In the past few days I have spoken, via internet messages and emails, with many parents who are grieving for their lost children. Of all ages, from all causes, from just a few months ago to ten years on. It is an amazingly diverse and compassionate group. And the benefit, if you can call it that, is that these people know what you are feeling, no matter how old their child was when he or she died, no matter from what cause. There are subtleties of perception, differing perspectives, ways of dealing with it, but at the core, the degree of pain is identical for everyone; it is an unbearable agony that has to be borne. These people have been through it, are going it through with you. We all have insights to offer each other from wherever on the road we happen to be. It is a constantly changing and evolving landscape. There are many similarities in what we all write, those of us who have chosen to chronicle the ‘After’ lives we now lead. The experience manifests itself in so many different ways, yet all so alike.

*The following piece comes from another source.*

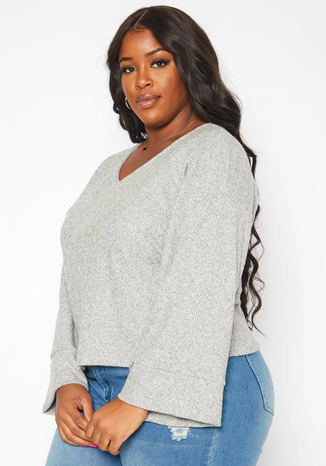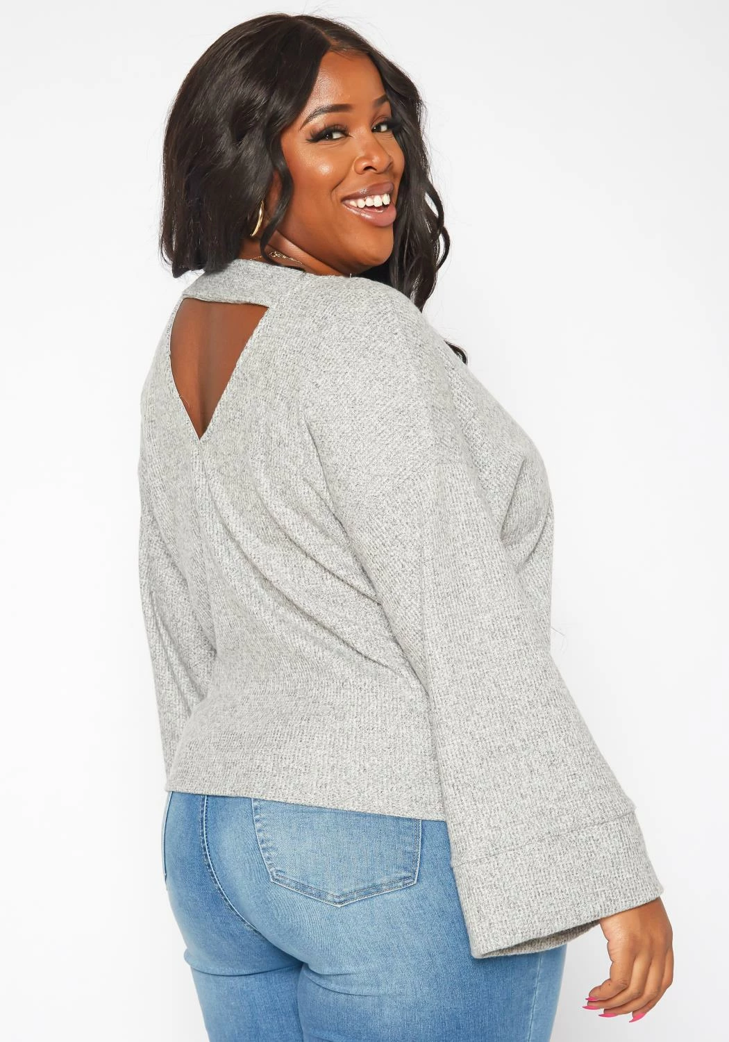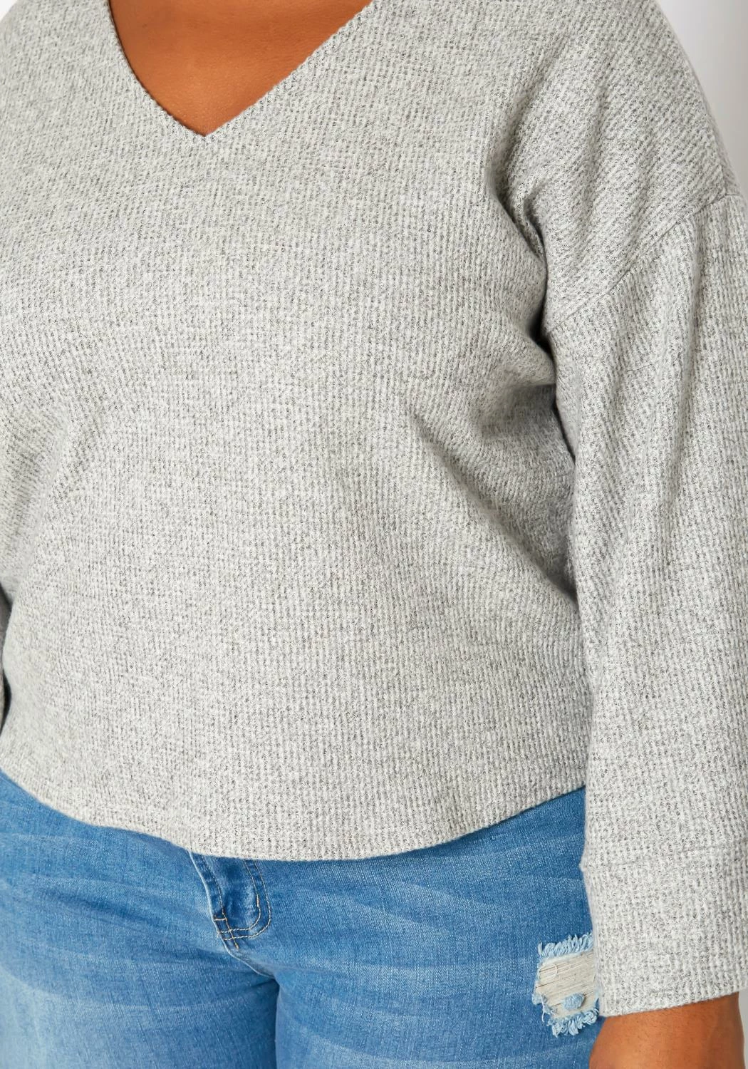 Casual plus size women’s sweater in v-neck style, relaxed fit, open back and loose long sleeves.

Honestly, it may not help, having someone who ‘gets it’ to talk to. Sometimes I think nothing can make any difference one way or the other. That I will just have to figure it out on my own, and that is true for each of us on this journey. But it doesn’t hurt either. There are only two kinds of people in this world: those who have lost children and those who have not. We now belong to that horrific club no one wants to join; the price of initiation is far too high. There is some comfort in knowing we are not alone,
that what I am feeling isn’t crazy, or that I am not expected to behave in some specific way at pre-determined intervals. That I can just do and feel whatever the hell I do or feel, whenever the hell I feel like it, and that’s okay. It may not sit well with some people who have no idea of what we are going through, which is everyone in the “haven’t lost children” group, who might expect us to follow some idealized grief timetable. But with my people, those of us in the “have lost children” fellowship, whatever, whenever is just fine with them.